No que concerne a base de cálculo ou alíquota reduzida, é unânime o entendimento de que por óbvio tratam-se de situações tributadas, e que como tal permitem a manutenção dos respectivos créditos por ocasião das compras. A exceção corre por conta dos casos em que a legislação estadual estabelece regras diferentes deste tratamento, o que se constitui alvo longas demandas judiciais, onde buscam os contribuintes a autorização judicial para ver reconhecido o seu direito a estes créditos.
DIFERIMENTO
Diferimento, segundo nossos léxicos, é o ato ou efeito de diferir, adiamento, do Latin differre=demorar, dilatar adia. Logo, diferimento não é isenção, icentivo ou benefício fiscal na acepção do art. 155 da Constituição Federal aqui examinada.
Vimos até aqui, de uma forma sucinta, as formas técnicas de não incidência do ICMS nas operações de saídas, que por sua vez irão gerar tipos modalidades diferentes de formação de saldo credor acumulado de ICMS.
A questão dos créditos de ICMS, (e não do saldo credor acumulado), é assentada sobre o direito do contribuinte, relativamente as operações anteriores (aquisições de mercadorias com incidência do tributo). Assim tranquilo o direito aos créditos em razão de tais mercadorias virem a ser objeto de futuras operações tributadas (embora diferidas).
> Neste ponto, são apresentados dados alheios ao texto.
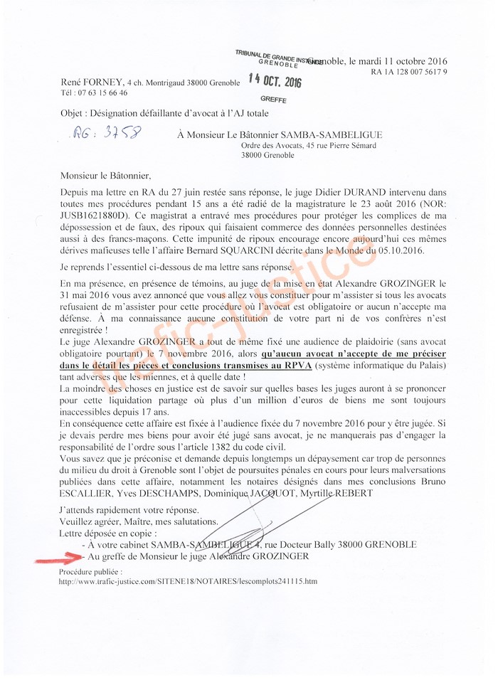 Le juge Alexandre GROZINGER et son comparse le bâtonnier de Grenoble, Wilfried SAMBA SAMBELIGUE ont comploté pour empêcher René FORNEY d'obtenir sa part des biens de la communauté (environ 1,2 millions €) suite à son divorce.
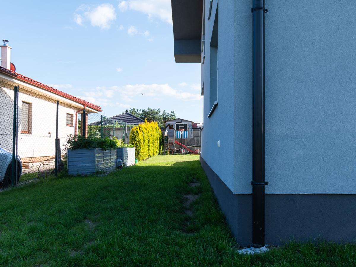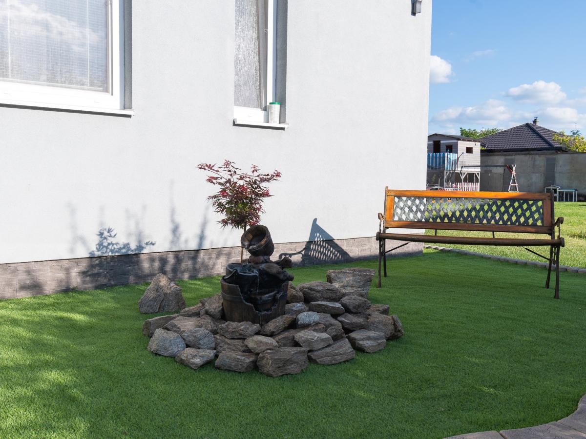 Exteriér: bazén 3 × 4 m s filtráciou, solárna sprcha, altánok s kôlňou (8 × 5 m), garáž s elektrickou bránou Nice, zavlažovanie Gardena, 2 studne, zámková dlažba. Parkovanie pre 3+ autá.
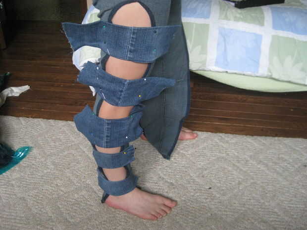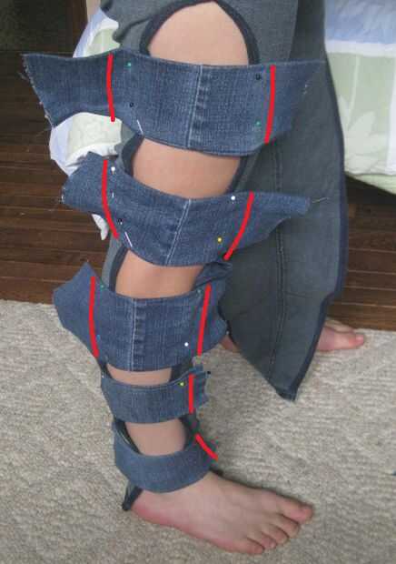 Prender las tiras en una pierna, espaciados uniformemente. (ver fotos 1-6).
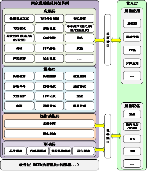 (2) 系统涵盖了姿态估算、姿态控制、位置控制、自动导航、通信协议、失效保护、系统命令、日志记录、视频处理等基础功能,同时在这些基础功能之上,提供了各种丰富的应用功能,包括数据状态显示、飞行任务规划、飞行模式设定、命令处理、导航处理、自动调参、仿真、调试等。

A saída ao abrigo do Diferimento, portanto, apesar de não ter a incidência do tributo, equivale a uma atividade tributada, só que o momento do fato gerador é postergado para a operação seguinte.
E como atividade tributada, os saldos credores acumulados em função do diferimento podem ser usados com qualquer outra atividade tributada a qual a empresa esteja fiscal e juridicamente habilitada a exercer.
SÍNTESE CONCLUSIVA
Diante do exposto, é fácil percebermos que quaisquer restrições em relação do princípio da não cumulatividade, só podem advir do Estatuto Supremo que a concebeu.
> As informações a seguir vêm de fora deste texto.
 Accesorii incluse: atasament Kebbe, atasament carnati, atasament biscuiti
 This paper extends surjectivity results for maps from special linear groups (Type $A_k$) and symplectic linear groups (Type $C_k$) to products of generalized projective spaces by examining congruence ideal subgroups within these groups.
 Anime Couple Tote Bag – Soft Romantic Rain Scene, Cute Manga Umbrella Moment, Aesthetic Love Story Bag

Tais restrições – vamos logo admitindo – existem. São apontadas na mesma Carta Magna, no inciso II do parágrafo segundo do artigo 155, a ISENÇÃO E NÃO INCIDÊNCIA. Apenas nestas hipóteses que é o princípio da não cumulatividade cede passo.
No entanto, como referimos inúmeras são as contendas judiciais, onde contribuintes buscam decretar a ilegalidade de restrições impostas pelo regulamento do ICMS, contrárias a norma estabelecida na Constituição Federal. Principalmente buscando o direito de manter o crédito nas saídas decorrentes da ALÍQUOTA ZERO, ALÍQUOTA REDUZIDA ou BASE DE CÁLCULO REDUZIDA.
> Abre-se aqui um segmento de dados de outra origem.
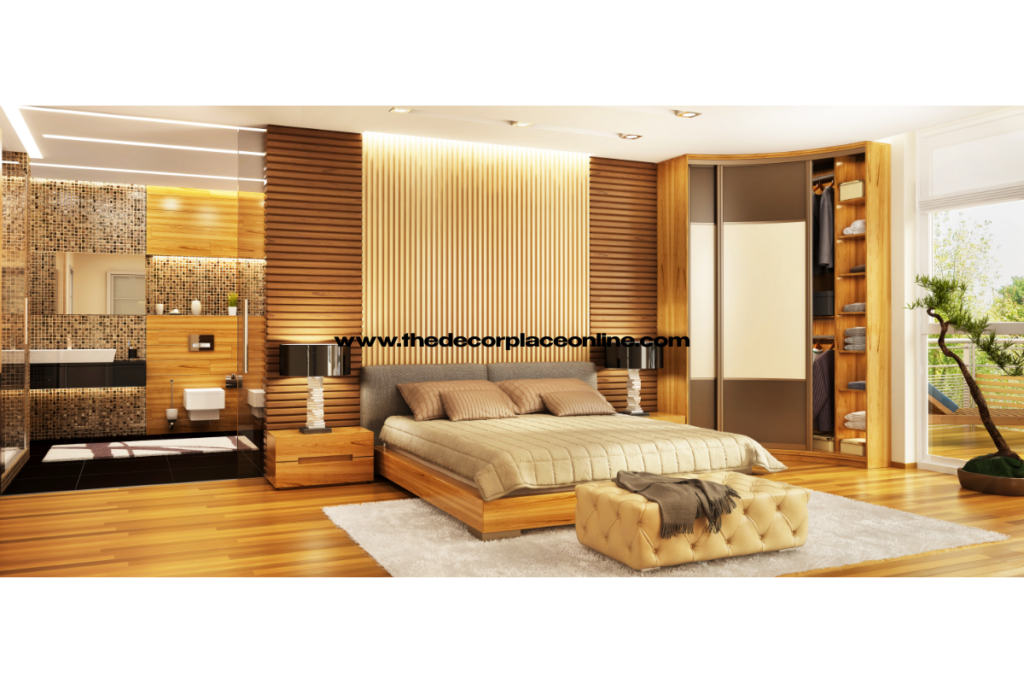 A mirror framed in gold can help open up the space and reflect light, while navy cushions with gold detailing add a sense of richness. Little touches like golden trays, clocks, or artwork can elevate the design, giving your bedroom a polished and thoughtful finish.
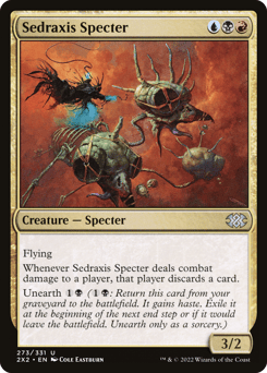 Flying Whenever this creature deals combat damage to a player, that player discards a card. Unearth {1}{B} ({1}{B}: Return this card from your graveyard to the battlefield. It gains haste. Exile it at the beginning of the next end step or if it would leave the battlefield. Unearth only as a sorcery.)
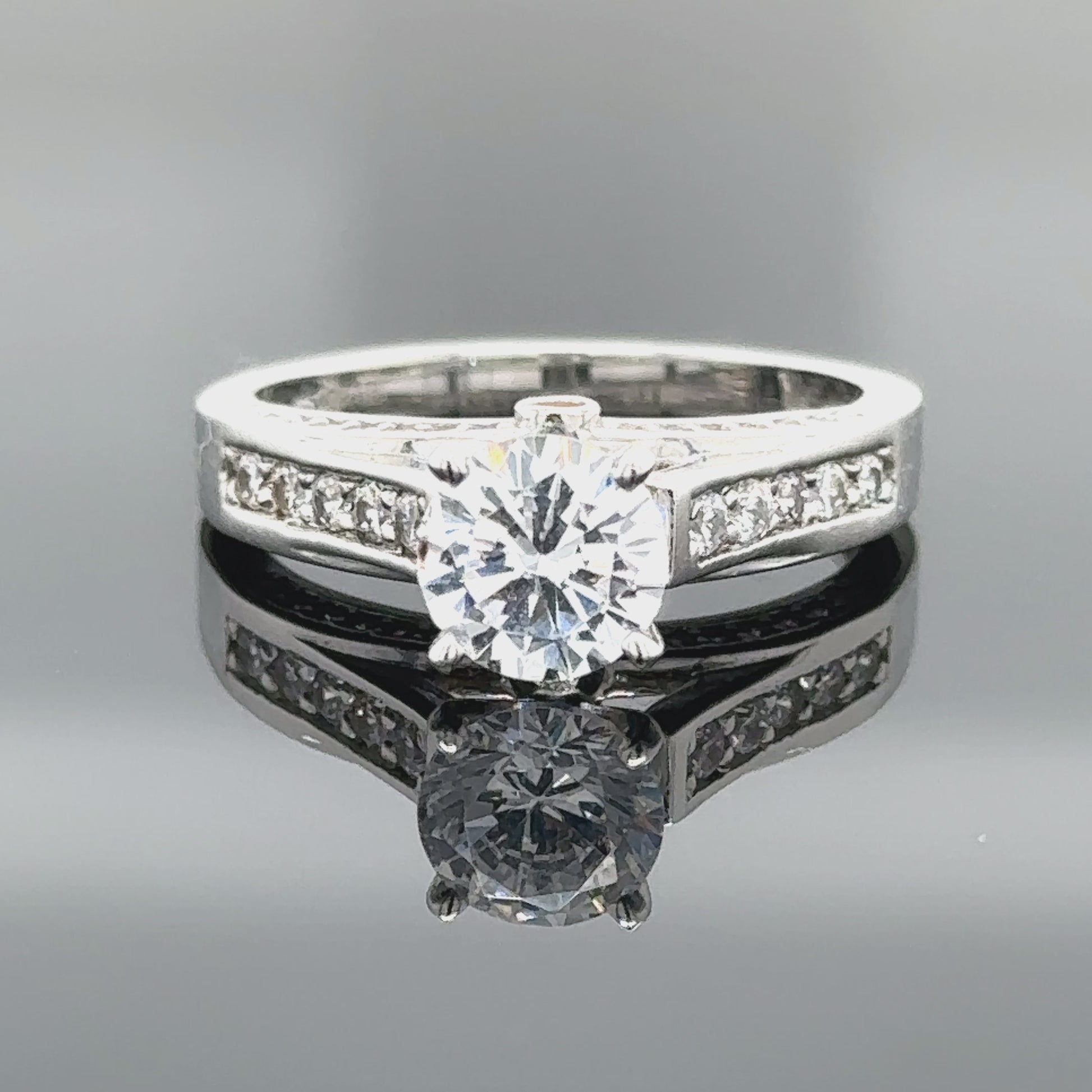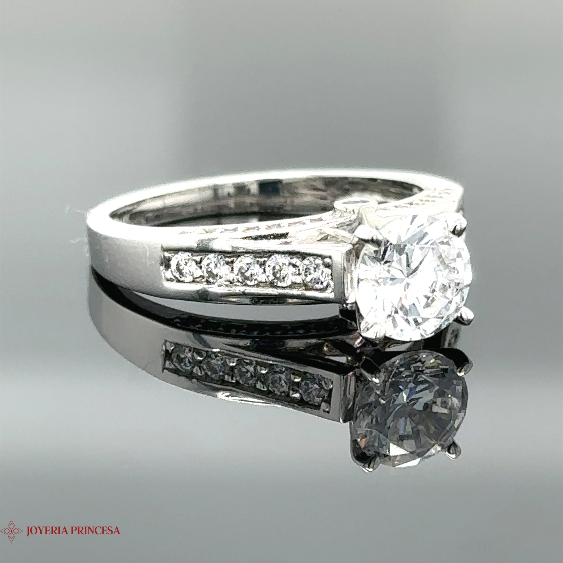 Viva el amor eterno con nuestro anillo de compromiso de oro blanco de 14 quilates, adornado con una circonita central y un luminoso halo de 10 circonitas.

Fartos tem sidos os precedentes jurisprudenciais que asseguram aos contribuintes o direito de transferência de saldo credor acumulado de ICMS decorrentes de saídas que destinem mercadorias e serviços ao exterior, sem as limitações impostas nos regulamentos do ICMS das unidades das federações, no que tangem a estes créditos decorrentes de EXPORTAÇÃO.
No que concerne aos créditos acumulados de ICMS decorrentes de saídas ao abrigo do diferimento, pelo fato de tais mercadorias virem a ser objeto de futuras operações tributadas, tem-se que o DIFERIMENTO equivale a uma atividade tributada, se sendo apenas uma postergação do recolhimento do imposto, o que ocorre na etapa seguinte.
A gestão dos impostos pode significar a vida longa ou morte precoce de um empreendimento. O ICMS, pela sua complexidade e alta alíquota é o imposto que mais onera os empreendimentos, tanto no aspecto controle quanto no aspecto financeiro.
O saldo credor acumulado de ICMS constitui verdadeiro confisco, vez que rompe a cadeia da não cumulatividade, ficando a empresa com o saldo credor com este ônus.
De acordo com o determinado no Regulamento do ICMS em cada unidade da federação, o saldo credor acumulado de ICMS, poderá ou não ser utilizado em proveito próprio, para compensação de outros débitos ou ainda transferido a terceiros.
Em determinadas situações, com o devido conhecimento da legislação aplicável, é possível transferir saldo credor acumulado de ICMS a estabelecimentos de terceiros, de forma administrativa, com autorização prévia da Secretaria da Fazenda.